Esa tarde, Lucía le hizo una pregunta extraña.
–¿Habéis cortado ya a Juan? –Cristóbal se volvió con el semblante atónito.
–¿Juan?
Lucía se echó a reír con esa risa suya suave y llena, y durante unos segundos no pudo dejar de hacerlo. Cristóbal se había parado y esperaba.
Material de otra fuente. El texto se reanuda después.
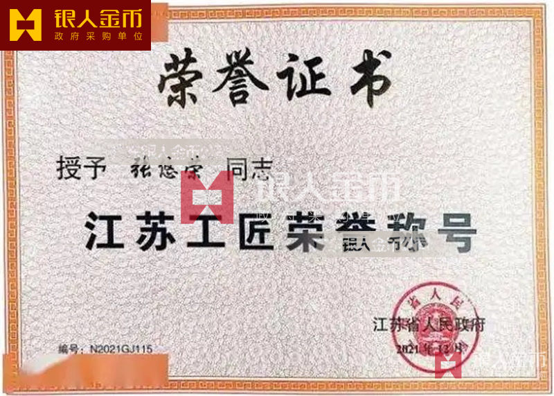 中共江蘇省委省政府省人社廳省總工會江蘇大工匠獎?wù)聞渍陆K工匠徽章獎牌證書(圖)

–Bueno… yo la llamo Juan, es la plancha de hierro que hay en la entrada de la mina, la que a veces sirve de puerta, la que mira al mar. Durante dos años le estuve llevando la comida a mi tío Sebastián, que en aquel entonces era uno de los capataces. Mientras el comía, yo me sentaba junto a Juan y me apoyaba en él. Era mi confidente. A veces, cogía las piedras más duras que encontraba en el suelo, y escribía sobre su robín. También dibuje una vez un barco que estuvo varado durante dos semanas en la punta de la Azohía.
Al día siguiente, mientras ella le llenaba el plato de lentejas, Cristóbal levantó la vista y le dijo:
–Hoy, Salvador quería cortar a Juan porque era muy grande para cargarlo, pero le he convencido de que no lo haga. En Barcelona hay un chaval que vive cerca del almacén, dice que es escultor, siempre viene pidiendo cosas raras, y solo quiere que lo atienda yo. Dice que mis manos, aunque yo no lo sepa, son de artista. Le he dicho que se lo podríamos vender. Pero José María, que así se llama, solo se lo quedaría entero, o sea, que ya me ves a Fulgencio, a Salvador y a mí, cargando la plancha en la barca y llevándola hasta el buque. Bueno… ¿qué te parece?.
–Mañana os haré arroz con leche.
Los tres hombres rieron, y los ojos de Lucía se iluminaron con la llama temblorosa del candil de carburo.
Aquella noche, después de cenar, Cristóbal se acercó a Lucía y le dijo:
–¿Me acompañas hasta la piedra plana?
Juntos caminaron por el acantilado, donde una luna creciente dibujaba su sombra sobre el mar.
–Antes de embarcar a Juan, yo también he escrito algo en él. Estaba lleno de frases hermosas, y tu barco parecía navegar por mares de fuego.
Cristóbal calló y Lucía lo miró, esperando.
–En tres o cuatro días habremos acabado de cargar el buque y mis compañeros y yo volveremos a Barcelona. No soy demasiado bueno con las palabras, pero sé que no voy a poder olvidar tu risa ni tus ojos color miel. Haces el mejor arroz con leche que he comido nunca.
Los dedos de Cristóbal avanzaron tímidamente hacia los de Lucía hasta rozarlos y un estremecimiento recorrió los dos cuerpos.
–¿Qué has escrito en la plancha?
Los labios de Cristóbal se acercaron al oído de Lucía y le murmuró unas palabras al amparo del viento, para que no volaran hacia el mar, para que no se perdieran en la noche.
La voz de Lucía sonó resuelta cuando le dijo a Cristóbal:
–Mañana por la mañana llamas a tu jefe y le dices que tú volverás en tren conmigo unos días más tarde, le tengo mucho miedo al mar, se ha llevado demasiada de mi gente.
Hacía diez minutos que mi hija Georgina escuchaba la historia. Ella casi no recordaba a su abuelo Cristóbal, que murió cuando apenas tenía dos años, pero sentía verdadera pasión por su abuela Lucía. Tres días antes se habían cumplido dos años de su muerte.
Este hecho, había coincidido con la exposición retrospectiva en el Macba del escultor José Mª Subirachs, y ante nosotros, erguido y solemne en medio de la sala, estaba Juan.
En la parte superior derecha se apreciaba la forma sutil de un barco y a su lado, con letras de molde apenas intuidas, se leía, amo a Lucía.